- Records from a data collection
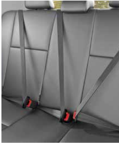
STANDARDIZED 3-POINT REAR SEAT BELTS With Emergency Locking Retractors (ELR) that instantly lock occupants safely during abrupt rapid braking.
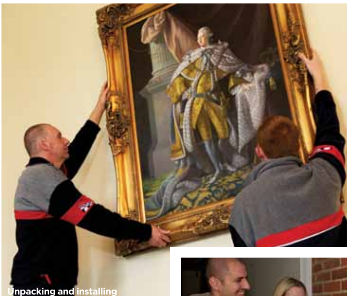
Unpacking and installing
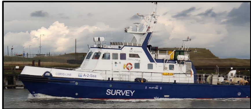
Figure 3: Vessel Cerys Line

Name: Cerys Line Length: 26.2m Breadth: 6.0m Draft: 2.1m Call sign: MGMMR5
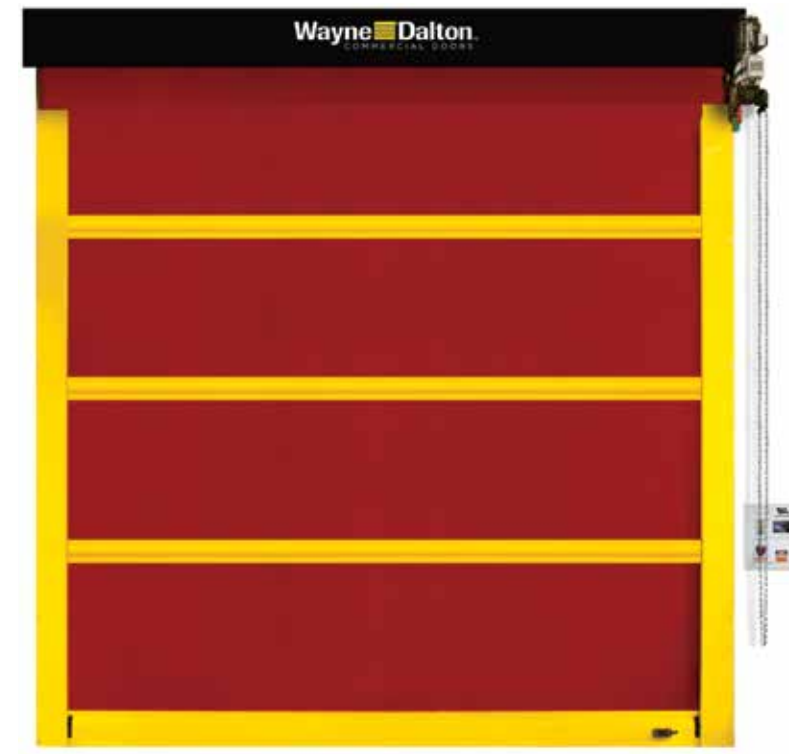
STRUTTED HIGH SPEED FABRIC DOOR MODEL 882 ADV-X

- EXERCISE PROMPT
Reading through the records above, report each line in which the string "Cerys" is found.

- SOLUTION
Figure 3: Vessel Cerys Line
Name: Cerys Line Length: 26.2m Breadth: 6.0m Draft: 2.1m Call sign: MGMMR5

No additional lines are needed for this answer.